WORK TO BE COMPLETED: Exactly the lines from the line containing "棕脸鹟莺:体长10厘米,是一" through the final line of the entries below must be returned, and only those, without pictures.

SUPPLIED INFORMATION:
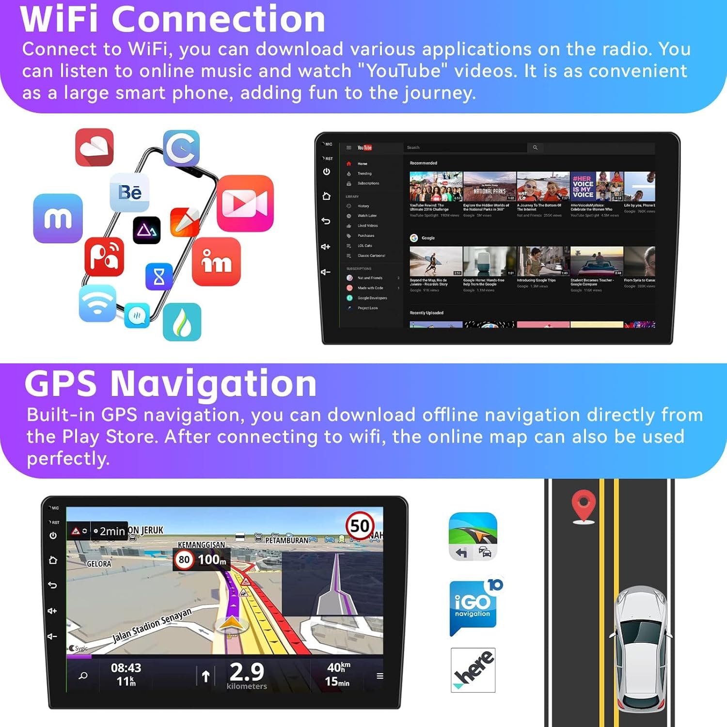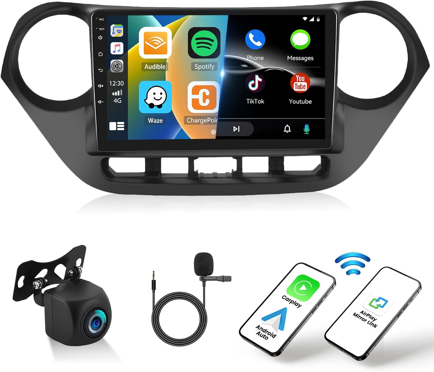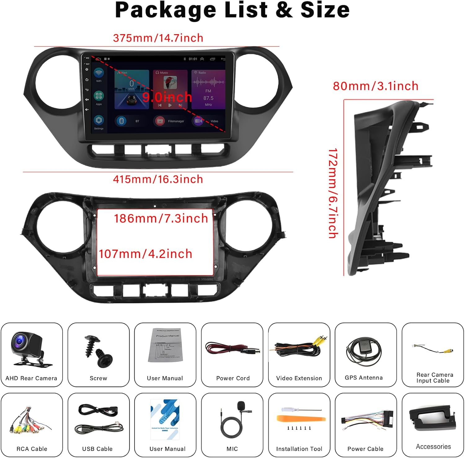 Product Description 2+64G 9 inch Android Car Stereo for Hyundai I10 2013-2018 & Rear Camera & Microphone This 9-inch radio supports Apple Carplay/Android Auto/Mirror Link/GPS vigation/Bluetooth/Steering Wheel Control Function/FM RDS Radio/WiFi/EQ HiFi/Split Screen/Rear View Camera, etc Meet the daily needs of the car and bring a better experience to your journey
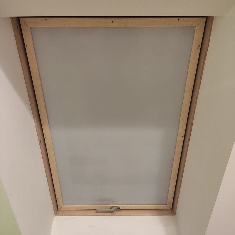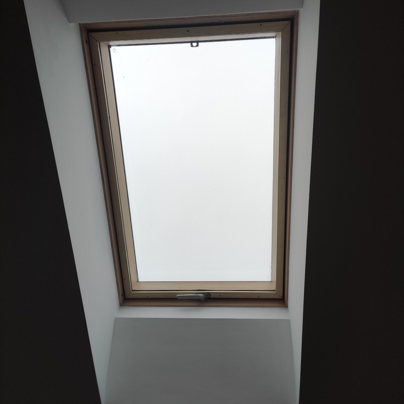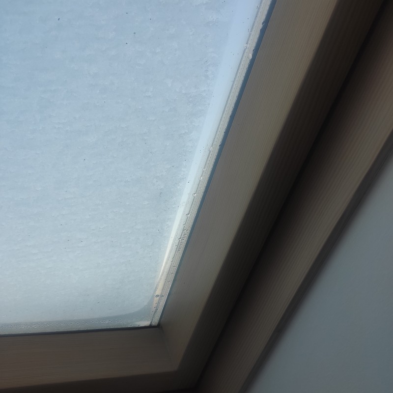 Witam. Może komuś się przyda. Okna Fakro i przez 10 lat problemy z nimi bo ciągle przy temperaturach oscylujących około 0 i niżej zaczynała zbierać się woda na szybach a przy niższych temperaturach, nawet był lód. Ciągle zacieki na glifach i tym podobne. Rozwiązałem, problem w ten sposób, że dałem od wewnątrz do ramy okna dodatkowa szybę w moim przypadku jest to poliwęglan lity na uszczelce plus listwy. Moze nie wygląda idealnie ale za to mam problem z głowy. Klatka schodowa. Tu przymiarka u córki w pokoju. Tak wyglądała sytuacja bez poliweglanu oraz 0 C na zewnątrz.
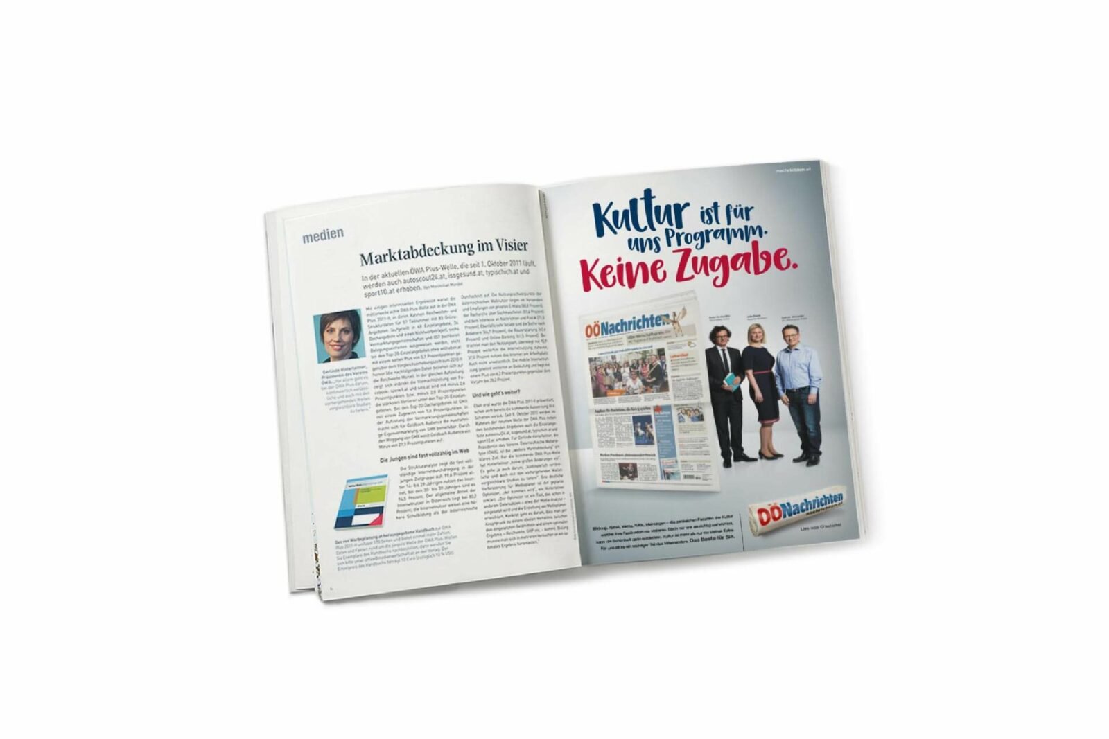 Von klassischen Printanzeigen über Out-of-Home bis hin zu Hörfunk und Online: Stellvertretend für die vielen Mitarbeiter der OÖNachrichten werden je nach Ressort repräsentative Führungspersonen in Szene gesetzt. Unter anderem kommt im Radiospot der Chefredakteur der OÖNachrichten, Herr Mag. Gerald Mandlbauer, zu Wort und gibt für die Öffentlichkeit relevante Qualitätsstatements ab.
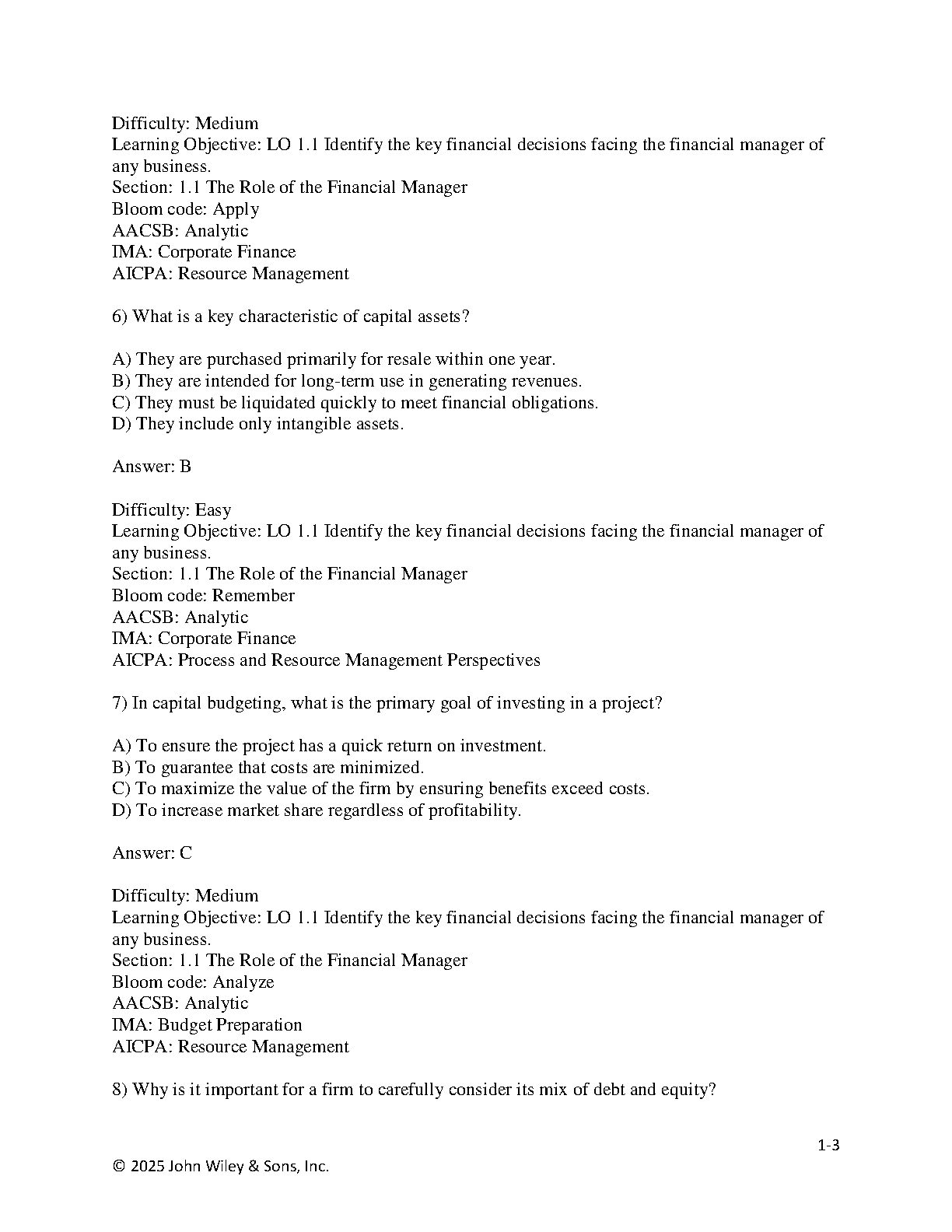 Unlock your full potential and excel in your finance course with the official Test Bank for 'Fundamentals of Corporate Finance, 6th Edition.' Authored by the expert team of Robert Parrino, Thomas W. Bates, Stuart L. Gillan, and David S. Kidwell, this resource is meticulously designed to mirror your actual exams. Featuring a complete collection of questions with detailed, verified answers for all 21 chapters, this 2025 edition is the ultimate study tool. Enhance your understanding of key financial principles, practice with exam-level questions, and gain the confidence to ace your tests. Ideal for students aiming for top grades and a thorough mastery of corporate finance.
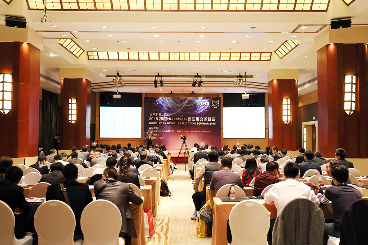 由光華科技和嘉能可聯合舉辦的2015挪威Nikkelverk鎳應用交流峰會于11月18日在上海世紀皇冠假日酒店隆重召開,旨在為上下游搭建一個面對面交流平臺。來自光華科技和嘉能可的技術及營銷代表做了關于基于電鍍鎳應用的配套產品及服務。
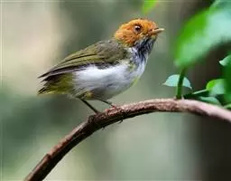 棕脸鹟莺:体长10厘米,是一种色彩亮丽而有特色的莺鸟。头栗色,具黑色侧冠纹。上体绿,腰黄色。下体白,…
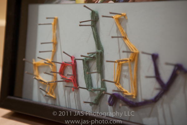 Anyways, I hurriedly tried to put something together for him using this idea and this is what I came up with! It is far from perfect because i didn’t have time to go to the hardware store to buy wood to nail the nails into. I went to AC Moore to get the shadow box frame and was hoping to find something hard there to use – but didn’t find anything the right size. So I found some corrugated cardboard laying around my house (no joke) and used that instead. it is FAR from sturdy, but I figure – it is in a frame and will be on a wall…hopefully it will be fine! This is my problem: when I want to do a project, I want to do it RIGHT NOW. Even if I don’t have all the proper supplies, tools…or even TIME (which is why many of the get done in the middle of the night with less than all the necessary equipment).

REPLY:
 棕脸鹟莺:体长10厘米,是一种色彩亮丽而有特色的莺鸟。头栗色,具黑色侧冠纹。上体绿,腰黄色。下体白,…
 Anyways, I hurriedly tried to put something together for him using this idea and this is what I came up with! It is far from perfect because i didn’t have time to go to the hardware store to buy wood to nail the nails into. I went to AC Moore to get the shadow box frame and was hoping to find something hard there to use – but didn’t find anything the right size. So I found some corrugated cardboard laying around my house (no joke) and used that instead. it is FAR from sturdy, but I figure – it is in a frame and will be on a wall…hopefully it will be fine! This is my problem: when I want to do a project, I want to do it RIGHT NOW. Even if I don’t have all the proper supplies, tools…or even TIME (which is why many of the get done in the middle of the night with less than all the necessary equipment).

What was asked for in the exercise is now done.